I want to make the point that the ordinance of the Priesthood is not derived from the Apostles, though apostolic succession through the laying on of hands is part of the proper ordination of priests. The priesthood, according to St. John Chrysostom, "is ranked among heavenly ordinances. And this is only right, for no man, no angel, no archangel, no other created power, but the Paraclete himself ordained this succession..." (On the Priesthood, 1977, St. Vladimir's Seminary Press, p. 70).

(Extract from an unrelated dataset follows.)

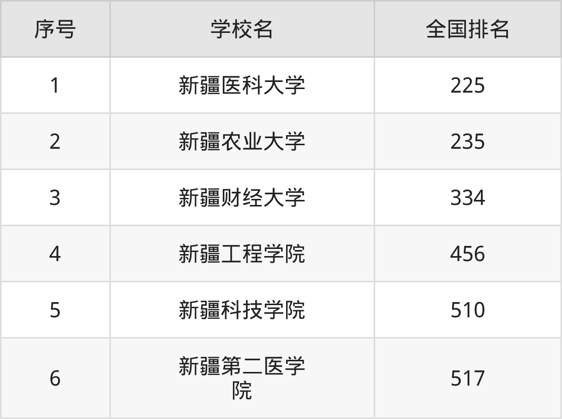 下面是新疆理科大學(xué)最新排名一覽表,供參考(下方僅展示本科院校排名):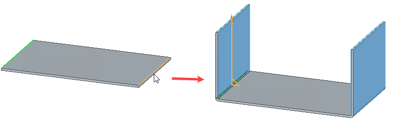 您还可以构造只在您选择的边上延伸一小段距离的弯边。在同步建模环境中,可以使用弯边命令条上的部分弯边选项创建部分弯边。

That St. Paul does not list the sacerdotal priest among the orders of the Church should not surprise us. If Hebrews represents the Apostle's thought, the priesthood of the Old Testament was once and for all fulfilled in Jesus Christ, God's chosen High Priest, who was also God's spotless Lamb. The priest in the Church is the continuous link to the priesthood established by God in the order of Melchizedek. It represents something much older than the Apostolic ministry and should be guarded. Guarding it requires not confusing this extraordinary and particular office with the office of elder (presbyteros) which is not specific to blood sacrifice and to the work of the altar.
The distinction has to do with blood. All the things of God are realized in Jesus' Blood. All suffering, which many religions attempt to explain apart from Christ, or to avoid through asceticism or philosophy, are made meaningful by His Blood. All worldly striving is shown to be futile by His Blood. The Apostle Paul refers to the Blood of Jesus no less than twelve times in his writings because God makes peace with us through the Blood of the Cross. It is to HIS atoning sacrifice that the priesthood points as a sign. If it is made to point to anything else, it becomes a broken sign.

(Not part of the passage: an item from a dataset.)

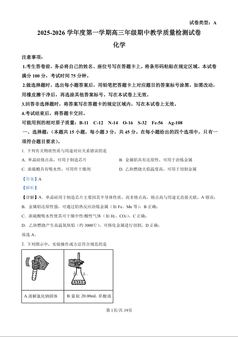 高三化学(精品解析版)--内蒙古包头市2026届高三上学期期中教学质量检测

If the priesthood is indelible as an ontological reality, what is the eternal verity reflected in this Form? It can’t be the Apostles or apostolic ministry. It can only be the eternal Christ, who is one with the Father and the Spirit. Christ is the eternal Form of priest and the eternal truth signified.
We can appreciate why the New Testament writers would use the word 'presbyteros' instead of 'hieros' with its pagan associations. However, the writer of Hebrews does not regard 'presbyteros' to be the correct term when speaking of Christ as God’s High Priest. Instead he uses the term 'hieros' (Hebrews 7.26). The Greeks didn't invent the priest, afterall, they encountered it among the Egyptians in its more original Afro-Asiatic context.
Why should this matter to Christians? It matters because from the beginning the priesthood points to the saving work of Jesus Christ and is Christological in nature. It is therefore extremely important that the male priesthood be preserved and that its origins be better understood by Traditionalists.